4. En l'occurrence, la société ABDSF fait valoir qu'elle n'a pas bénéficié d'un enrichissement indu, que le CNED ne met plus en cause la réalité et la qualité des prestations réalisées ni le montant global des prestations facturées au titre de l'ensemble des lots et que la plainte formée par le CNED a été classée sans suite par le procureur de la République près le tribunal de grande instance de Poitiers au motif que les faits n'étaient pas suffisamment établis. Toutefois, elle ne conteste aucunement avoir, à la demande de la directrice de la relation client du CNED, délibérément sous-facturé les prestations qu'elle a réalisées au titre du lot n° 1 et avoir, en compensation, surfacturé ses prestations au titre du lot n° 2, dans le but de maintenir le montant du lot n° 1 en dessous du seuil à partir duquel une autorisation du conseil d'administration du CNED aurait été nécessaire. Ces irrégularités comptables, destinées à priver les instances des dirigeants du CNED de leur pouvoir de contrôle et à vicier le consentement de l'établissement public, et dont il n'avait pu être établi, à la date de la résiliation du marché si elles étaient ou non assorties d'une surfacturation globale, constituent des manoeuvres frauduleuses et justifient, par suite, la résiliation pour faute du marché sans que la société appelante puisse utilement soutenir qu'une facturation ne pourrait être, en elle-même, révélatrice d'une fraude.

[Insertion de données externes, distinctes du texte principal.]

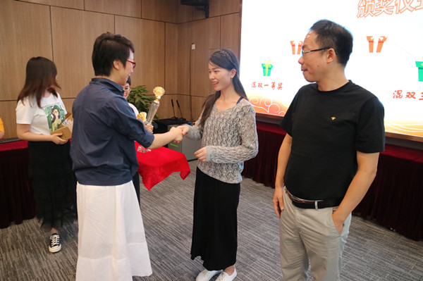 副總經(jīng)理毛迎霞為混雙三等獎獲得者王雁然、張愉頒獎

5. Il résulte de ce qui précède que la société ABDSF n'est pas fondée à soutenir que c'est à tort que les premiers juges, après avoir constaté le bien-fondé de la résiliation qu'elle contestait, ont rejeté ses demandes tendant à l'indemnisation des préjudices que l'irrégularité de cette résiliation lui a causés. Par suite, sa requête doit être rejetée, y compris ses conclusions tendant à l'application des dispositions de l'article L. 761-1 du code de justice administrative.

6. En revanche, il y a lieu, dans les circonstances de l'espèce, de mettre à la charge de la société ABDSF le paiement au CNED d'une somme de 1 500 euros en application des mêmes dispositions de l'article L. 761-1 du code de justice administrative.

DÉCIDE :

Article 1er : La requête de la société ABDSF est rejetée.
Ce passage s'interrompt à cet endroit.